● What this task involves:
In the data below, find the line containing "本次参观学习在校史馆讲解员生" and the line containing "2.通过2-氟-5-溴吡啶和乙醛合成1-(5-溴-2-氟吡啶-3-基)乙醇", then reproduce them and every line between, exactly. Omit pictures.

(Working data)

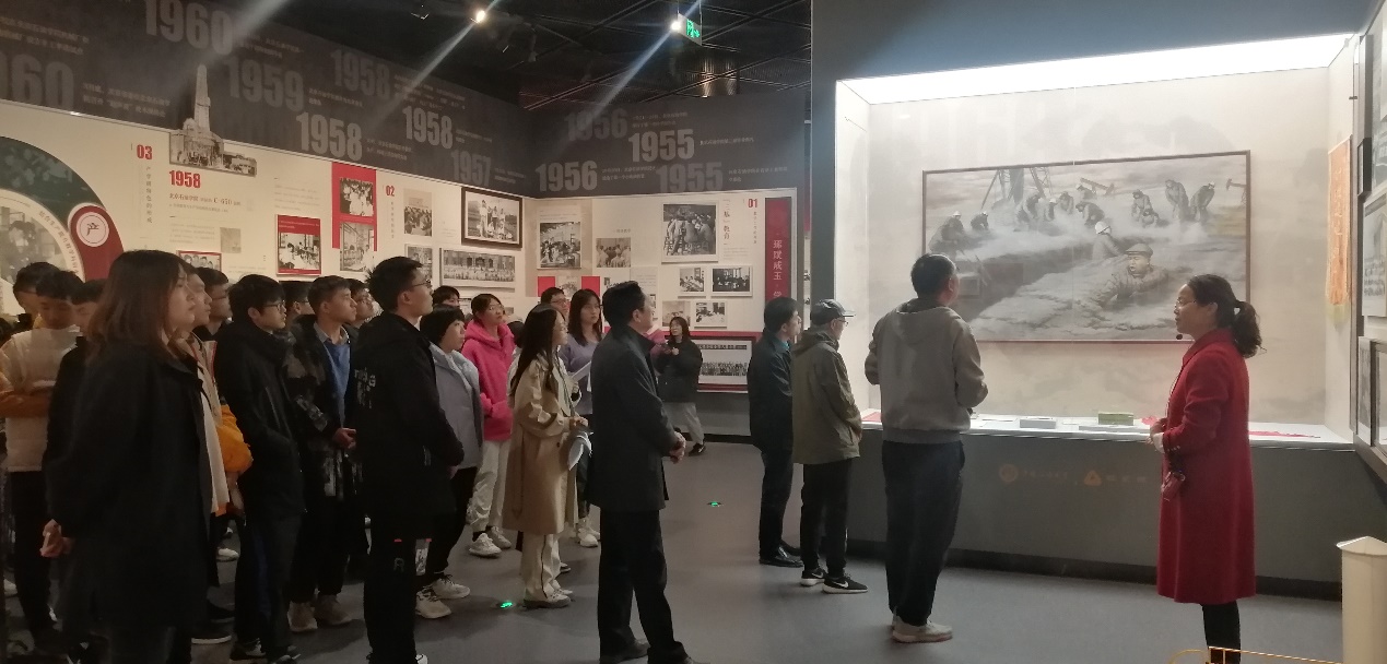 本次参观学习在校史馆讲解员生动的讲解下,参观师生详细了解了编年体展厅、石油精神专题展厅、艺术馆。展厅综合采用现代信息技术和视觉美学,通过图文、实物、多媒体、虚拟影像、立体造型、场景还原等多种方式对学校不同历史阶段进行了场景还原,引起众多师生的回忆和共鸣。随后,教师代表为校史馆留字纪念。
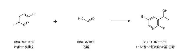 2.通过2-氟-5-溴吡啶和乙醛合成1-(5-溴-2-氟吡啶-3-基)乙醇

(End Working data)
(Working data)

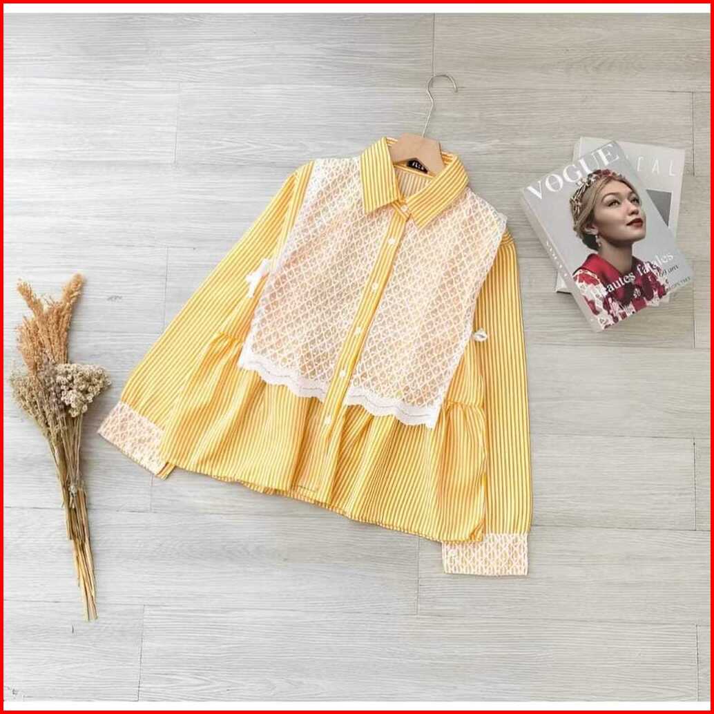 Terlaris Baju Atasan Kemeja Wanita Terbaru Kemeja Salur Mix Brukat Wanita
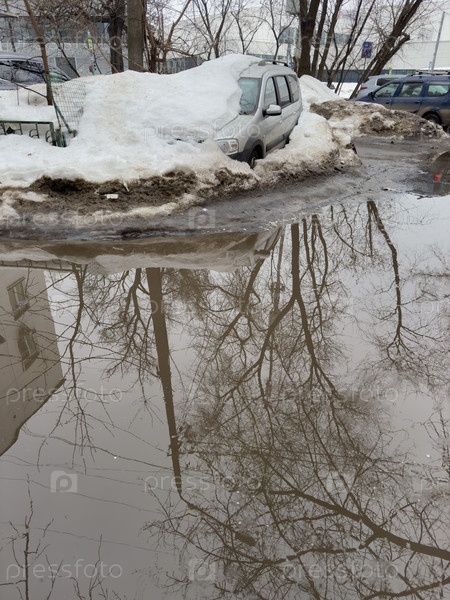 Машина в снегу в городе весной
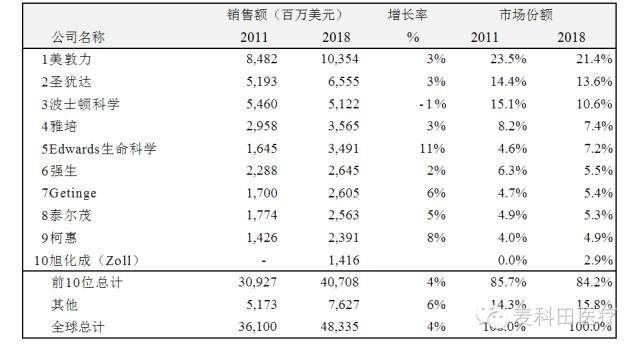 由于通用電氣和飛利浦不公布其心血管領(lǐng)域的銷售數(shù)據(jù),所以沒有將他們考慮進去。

(End Working data)

● Answer for the task:
 本次参观学习在校史馆讲解员生动的讲解下,参观师生详细了解了编年体展厅、石油精神专题展厅、艺术馆。展厅综合采用现代信息技术和视觉美学,通过图文、实物、多媒体、虚拟影像、立体造型、场景还原等多种方式对学校不同历史阶段进行了场景还原,引起众多师生的回忆和共鸣。随后,教师代表为校史馆留字纪念。
 2.通过2-氟-5-溴吡啶和乙醛合成1-(5-溴-2-氟吡啶-3-基)乙醇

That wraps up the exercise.